78% of King Digital Entertainment’s revenue comes from Candy Crush. This incredible dependence on a single game makes the company extremely risky for investors.
That’s because online games are like fads. A select few mobile games become “hits.” But the top games don’t remain on top for long, and they’re soon replaced by new alternatives. The fact is, users get bored and gaming companies fail if they are too dependent on individual games.
It is an unsustainable business model, especially in the case of King Digital Entertainment, which is totally dependent on its Candy Crush and Pet Rescue Saga games.
Some growth investors will be attracted to the company’s rapid growth. King Digital grew its profits an impressive 7,000% last year thanks to Candy Crush. Total revenues for the year were $1.88 billion.
However cracks are already beginning to emerge.
The company reported a sequential decline in quarterly revenue in the last quarter. The CEO explained this was a result of “the seasoning of our older games in certain markets among our more occasional customers.”
That is simply a complicated way of saying of “people got bored” that I have ever read. Users are already losing interest, and that’s very bad news for King Digital Entertainment.
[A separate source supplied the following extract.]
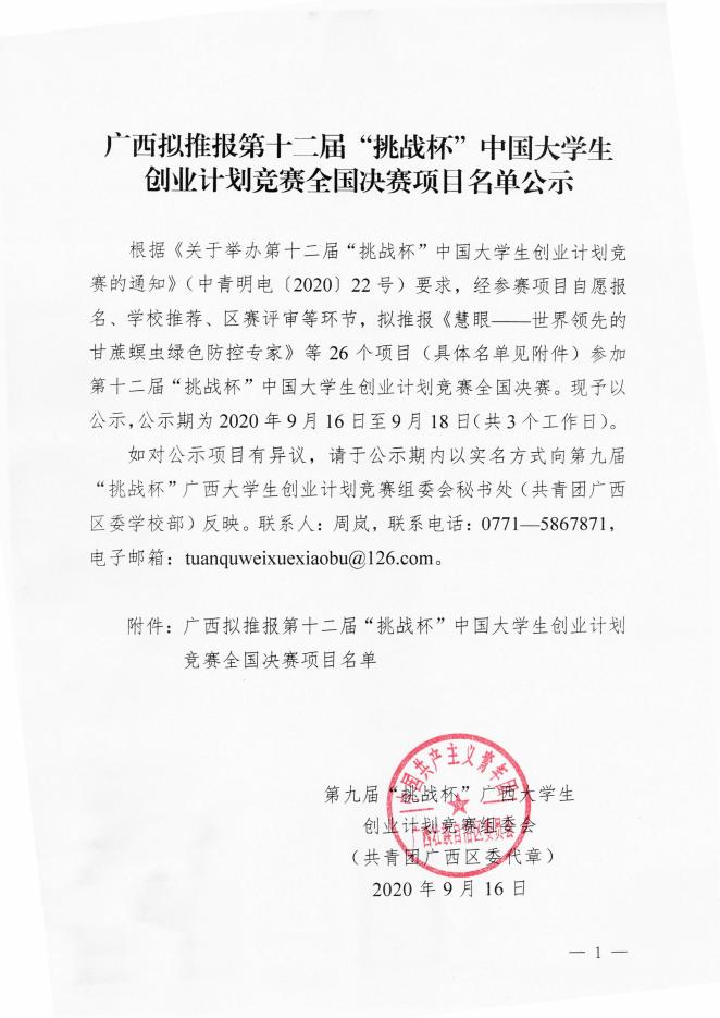 广西拟推报第十二届“挑战杯”中国大学生创业计划竞赛全国决赛项目名单.pdf

The fact is, King Digital Entertainment is built on quickly moving mobile fads and their business model is designed to make the most of a game’s short lifespan. But with 78% of revenue coming from one game, what happens when users get bored and don’t move on to another game from the same company?
Not only does the end seem near, it seems that company executives know it. Since October, the company has paid out $504 million in dividends to its shareholders. That’s about the same amount that King Digital Entertainment now hopes to raise in the Candy Crush IPO.
With the founders and existing investors cashing out, it’s a good sign that this deal will be a flop. King Digital Entertainment is Zynga 2.0, and even growth investors should steer clear of the Candy Crush IPO.